■ **REQUIRED ACTION**
Using the data that follows, output only the lines from the line with "крем-мёд, чай 50 г" up to and including the line with "Playera corta de", exactly, leaving pictures aside.

■ **TASK MATERIAL**

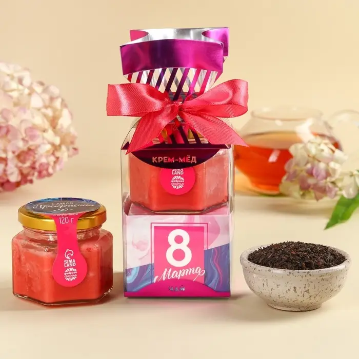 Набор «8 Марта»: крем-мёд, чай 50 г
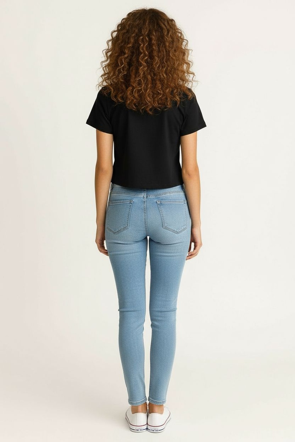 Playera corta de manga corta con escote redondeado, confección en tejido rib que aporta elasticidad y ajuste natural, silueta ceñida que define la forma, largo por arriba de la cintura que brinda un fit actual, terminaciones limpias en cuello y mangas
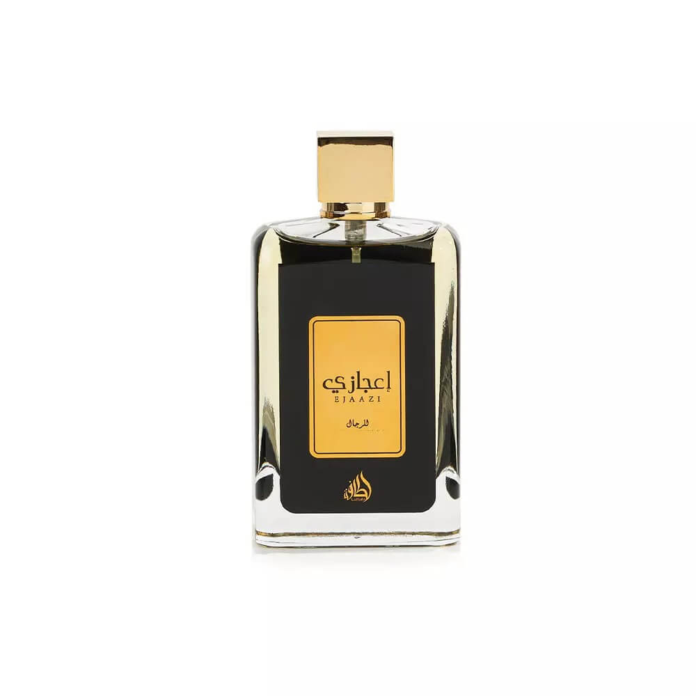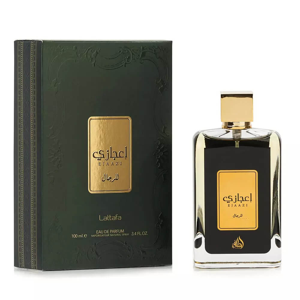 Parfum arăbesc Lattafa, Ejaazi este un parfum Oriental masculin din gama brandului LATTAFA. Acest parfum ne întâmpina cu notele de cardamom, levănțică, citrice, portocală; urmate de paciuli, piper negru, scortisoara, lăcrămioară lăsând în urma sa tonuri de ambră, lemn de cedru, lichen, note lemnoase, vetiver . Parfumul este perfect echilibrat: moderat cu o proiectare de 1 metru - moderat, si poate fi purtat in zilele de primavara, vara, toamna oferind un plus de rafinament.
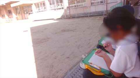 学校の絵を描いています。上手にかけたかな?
--
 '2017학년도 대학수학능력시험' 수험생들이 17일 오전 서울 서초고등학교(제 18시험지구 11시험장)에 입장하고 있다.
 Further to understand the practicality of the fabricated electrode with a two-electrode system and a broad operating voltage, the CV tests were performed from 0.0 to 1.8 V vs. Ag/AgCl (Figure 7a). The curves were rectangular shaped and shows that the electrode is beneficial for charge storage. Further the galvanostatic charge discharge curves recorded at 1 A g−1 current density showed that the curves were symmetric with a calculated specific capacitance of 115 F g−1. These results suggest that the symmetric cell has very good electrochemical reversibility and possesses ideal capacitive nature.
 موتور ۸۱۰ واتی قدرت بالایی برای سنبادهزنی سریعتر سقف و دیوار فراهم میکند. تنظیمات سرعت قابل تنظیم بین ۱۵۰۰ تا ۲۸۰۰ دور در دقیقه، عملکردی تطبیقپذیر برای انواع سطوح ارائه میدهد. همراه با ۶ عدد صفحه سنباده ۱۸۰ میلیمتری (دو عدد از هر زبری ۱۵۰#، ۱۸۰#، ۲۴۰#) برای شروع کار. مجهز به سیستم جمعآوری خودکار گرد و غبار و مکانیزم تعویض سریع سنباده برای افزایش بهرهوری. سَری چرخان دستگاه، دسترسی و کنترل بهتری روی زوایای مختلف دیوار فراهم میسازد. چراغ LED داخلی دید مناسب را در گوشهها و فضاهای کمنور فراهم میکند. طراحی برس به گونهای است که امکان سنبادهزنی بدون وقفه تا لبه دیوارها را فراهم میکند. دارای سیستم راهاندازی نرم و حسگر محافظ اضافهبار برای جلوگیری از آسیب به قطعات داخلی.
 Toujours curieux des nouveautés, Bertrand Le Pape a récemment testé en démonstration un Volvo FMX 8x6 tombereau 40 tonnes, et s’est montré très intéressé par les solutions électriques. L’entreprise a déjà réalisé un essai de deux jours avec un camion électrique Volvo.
--
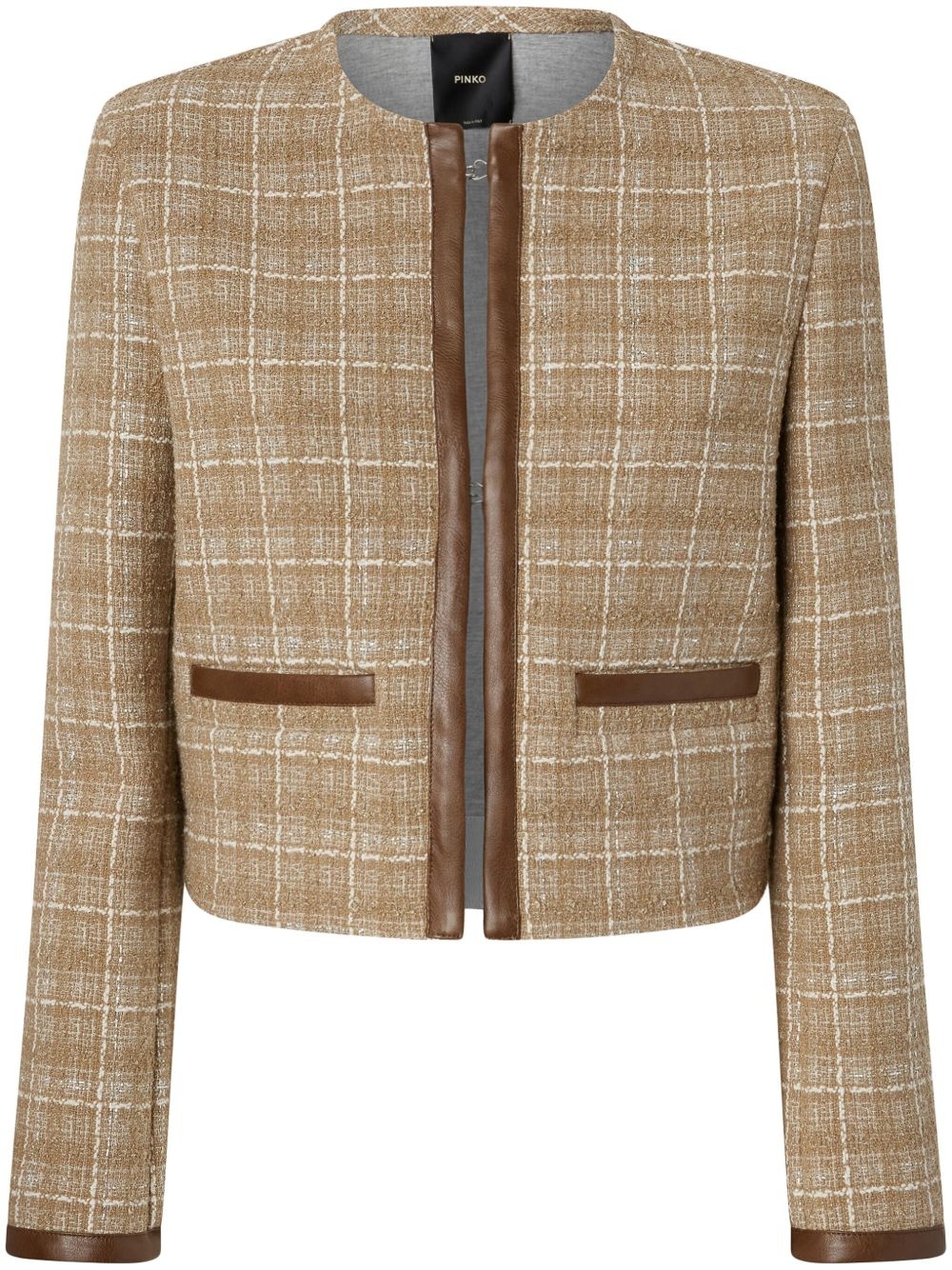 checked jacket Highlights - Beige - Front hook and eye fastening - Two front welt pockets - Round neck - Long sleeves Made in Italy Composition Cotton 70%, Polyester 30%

■ **FINISHED EXERCISE**
 Набор «8 Марта»: крем-мёд, чай 50 г
 Playera corta de manga corta con escote redondeado, confección en tejido rib que aporta elasticidad y ajuste natural, silueta ceñida que define la forma, largo por arriba de la cintura que brinda un fit actual, terminaciones limpias en cuello y mangas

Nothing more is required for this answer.